Lodi unica eccezione in Lombardia

Nel contesto lombardo emerge un’unica provincia in controtendenza: si tratta di Lodi, che nel 2024 vede crescere i prestiti alle imprese del 17%, con un incremento di 378,5 milioni e un totale che raggiunge 2,63 miliardi di euro. Un dato che la distingue dal generale calo registrato nelle altre province, segno di una maggiore vitalità economica o di un diverso approccio strategico al credito da parte delle aziende locali.

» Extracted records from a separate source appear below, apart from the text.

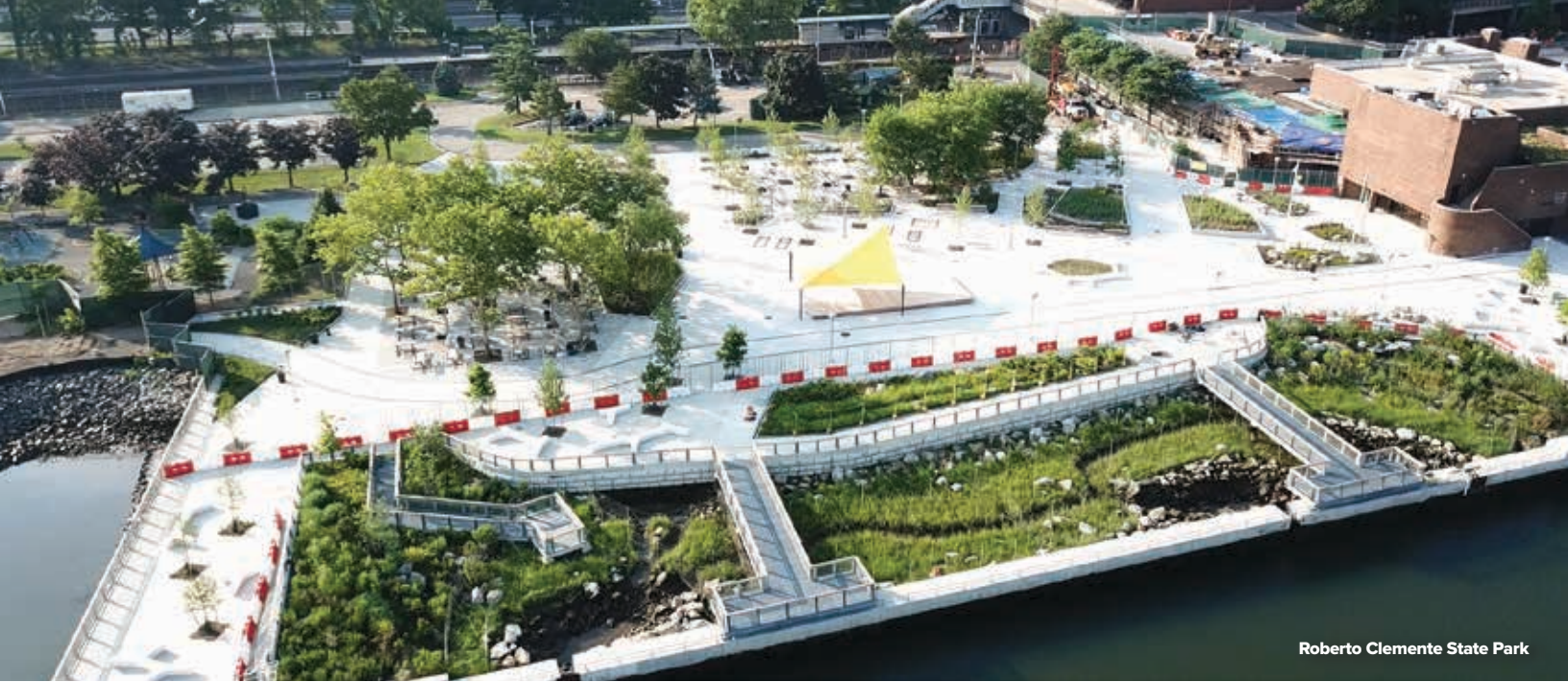
Roberto Clemente State Park

included the opening of the North Rim Staircase at Watkins Glen State Park and the opening of Trail at Allan Treman State Marine Park that links to Black Diamond Trail and the City of Ithaca's Cayuga Waterfront Trail.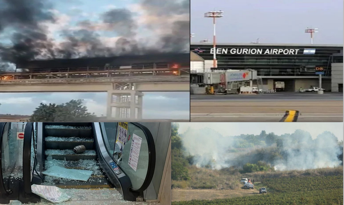
This combo shows the aftermath of a missile attack from Yemen on central Israeli occupied territories on Sunday.

SANAA (Dispatches) -- Yemen's armed forces on Sunday launched a hypersonic ballistic missile that flew around 2,000km from Yemen to central occupied territories, evading Israel's air defense systems and sparking a fire not far from Tel Aviv.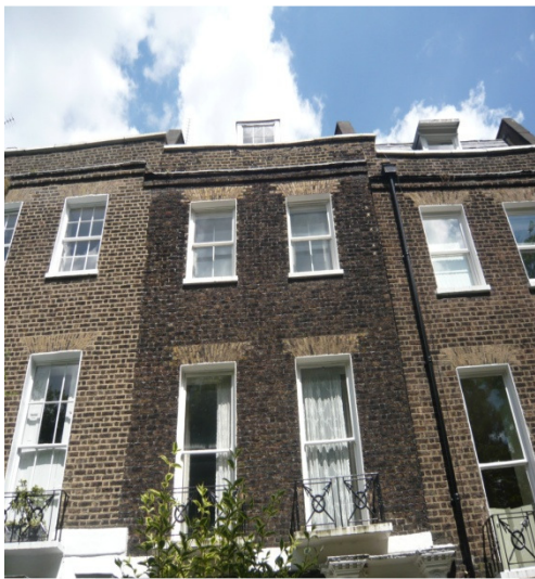
Front Elevation, (Original windows & window frames in fair conditions)

La ricchezza si sposta: meno conti, più investimenti

Il 2024 segna anche un cambiamento nell’approccio al risparmio delle famiglie lombarde. A livello regionale si nota una diminuzione dei depositi bancari (-0,9%), a vantaggio di strumenti più remunerativi come azioni, fondi e titoli di Stato, il cui utilizzo cresce del 18,7%. Il patrimonio finanziario complessivo delle famiglie lombarde raggiunge 549,3 miliardi di euro, in aumento del 9,6% rispetto ai 501 miliardi del 2023.

Crescono i risparmi delle famiglie bergamasche

Anche Bergamo contribuisce alla tendenza regionale, registrando un incremento della ricchezza del 9,8%, pari a 4,6 miliardi di euro in più. Il totale sale così a 51,5 miliardi, trainato soprattutto dalla crescita degli investimenti finanziari (+20,4%), che passano da quasi 24 a quasi 29 miliardi. Di contro, i depositi bancari calano dell’1,2%, fermandosi a 22,5 miliardi, a testimonianza di un cambiamento nelle strategie di risparmio delle famiglie, sempre più orientate verso rendimenti più elevati.